§ **Work item**
What follows is a listing to transcribe exactly, leaving the pictures out.

§ **The data**
--

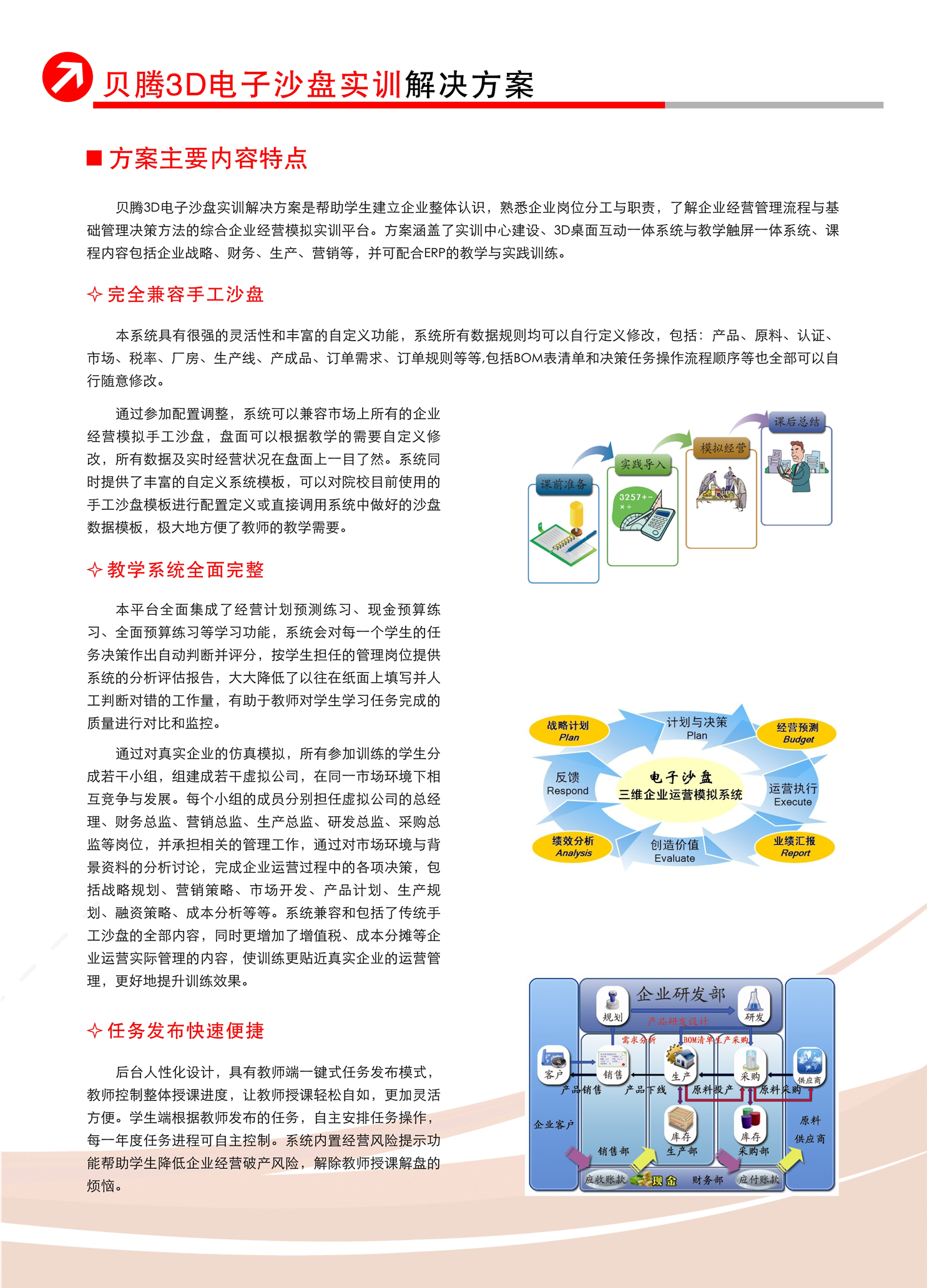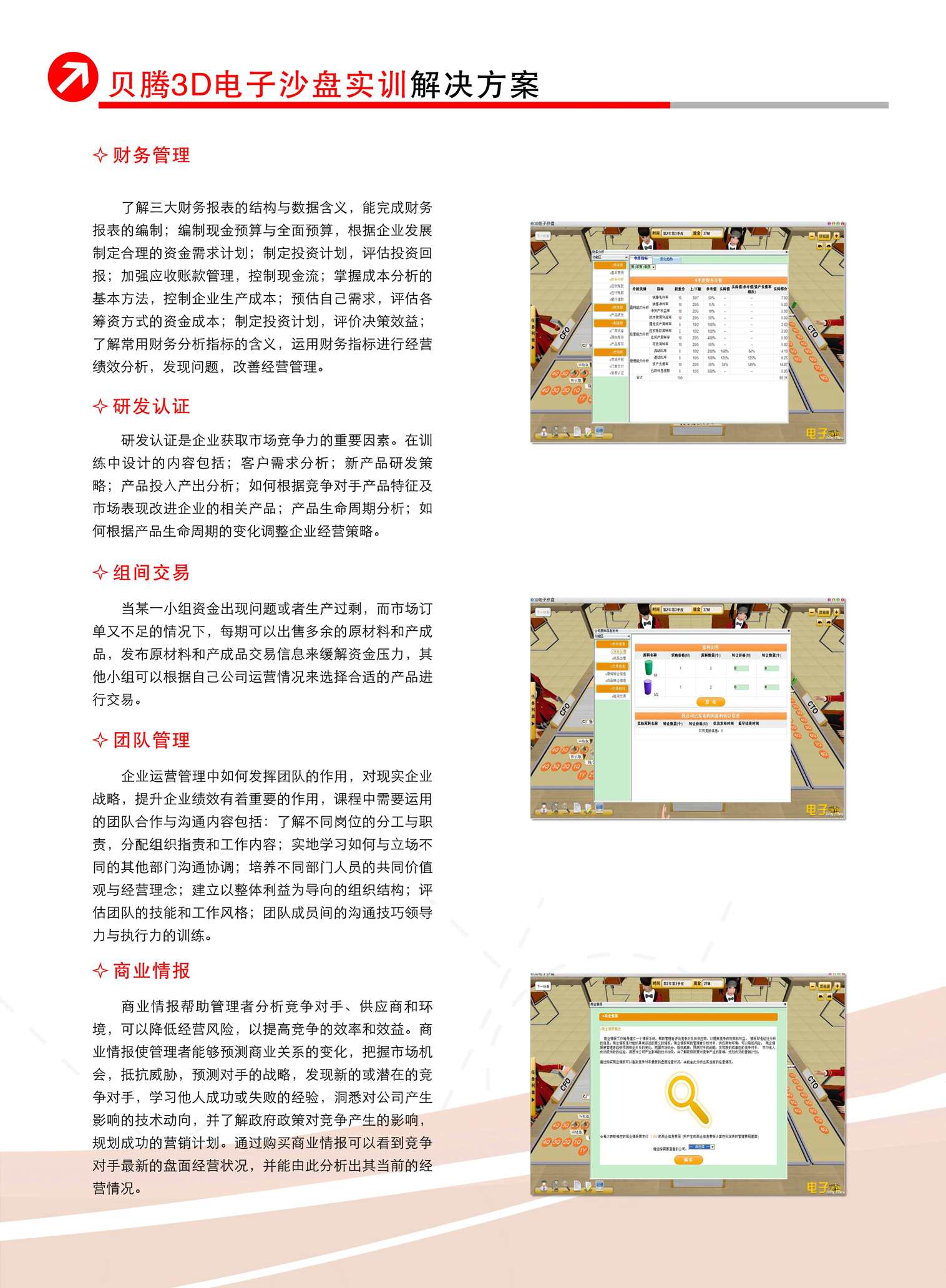 2、功能模块:包括企业战略、研发认证、市场开发、生产经营管理、市场营销、财务管理等功能模块,能够完整模拟企业经营中的各项决策任务;
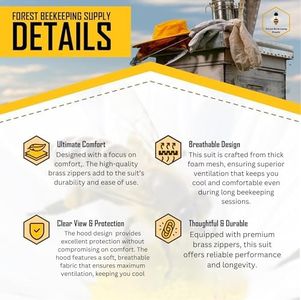 Choosing the right beekeeper suit is essential for ensuring your safety and comfort while working with bees. A good suit will protect you from stings, allow you to move freely, and keep you cool during long hours in the sun. When selecting a beekeeper suit, consider the following key specifications to find the best fit for your needs.MaterialThe material of a beekeeper suit is crucial as it determines the suit's durability, breathability, and level of protection. Common materials include cotton, polyester, and ventilated fabrics. Cotton suits are comfortable and breathable but may not offer the highest level of protection. Polyester suits are more durable and provide better protection but can be less breathable. Ventilated suits are designed with mesh panels to enhance airflow, making them ideal for hot climates. Choose a material based on your working environment and the level of protection you need.
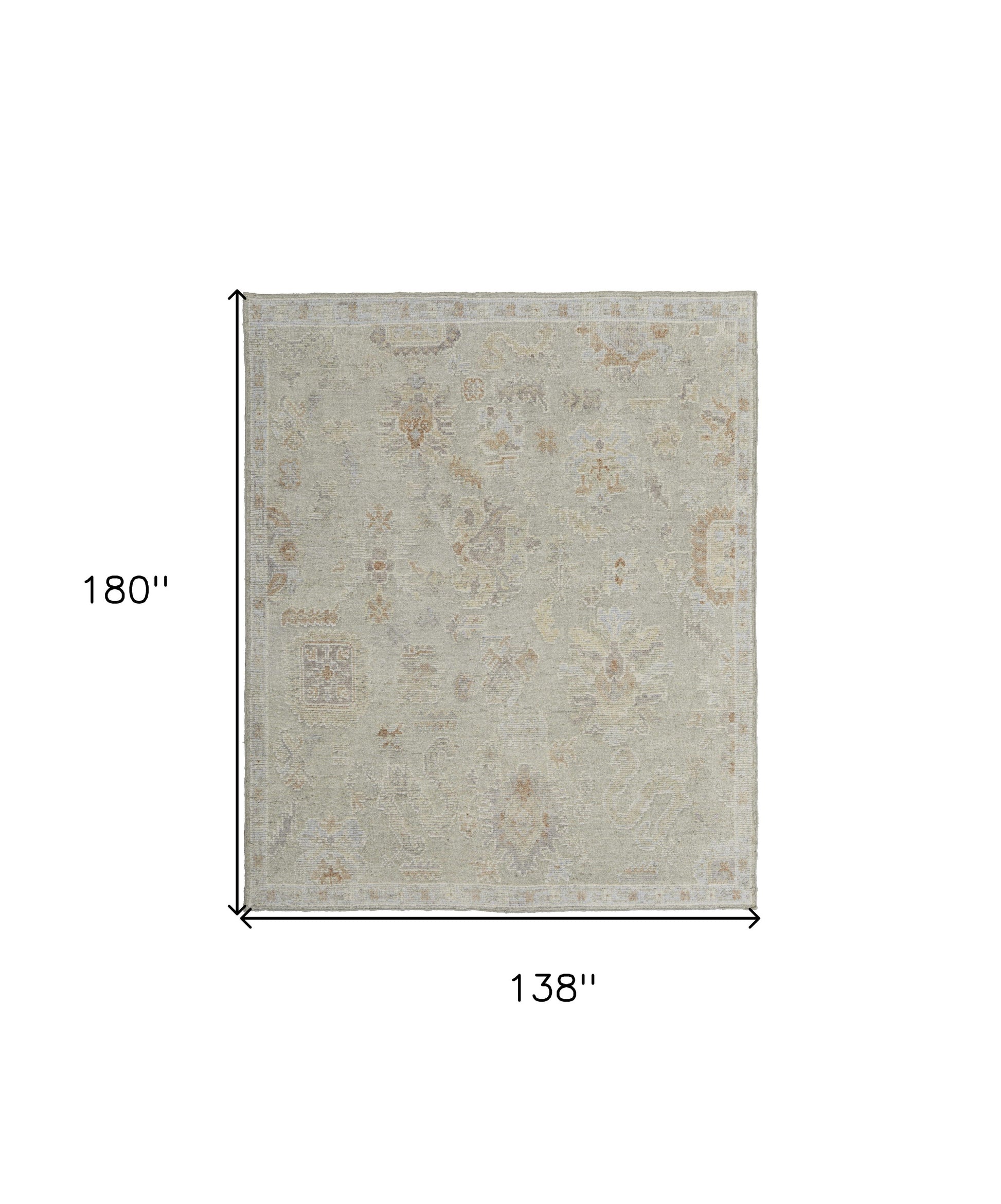 12 x 15 Gray & Brown Wool Floral Hand Knotted Rug

--

§ **Solution**
 2、功能模块:包括企业战略、研发认证、市场开发、生产经营管理、市场营销、财务管理等功能模块,能够完整模拟企业经营中的各项决策任务;
 Choosing the right beekeeper suit is essential for ensuring your safety and comfort while working with bees. A good suit will protect you from stings, allow you to move freely, and keep you cool during long hours in the sun. When selecting a beekeeper suit, consider the following key specifications to find the best fit for your needs.MaterialThe material of a beekeeper suit is crucial as it determines the suit's durability, breathability, and level of protection. Common materials include cotton, polyester, and ventilated fabrics. Cotton suits are comfortable and breathable but may not offer the highest level of protection. Polyester suits are more durable and provide better protection but can be less breathable. Ventilated suits are designed with mesh panels to enhance airflow, making them ideal for hot climates. Choose a material based on your working environment and the level of protection you need.
 12 x 15 Gray & Brown Wool Floral Hand Knotted Rug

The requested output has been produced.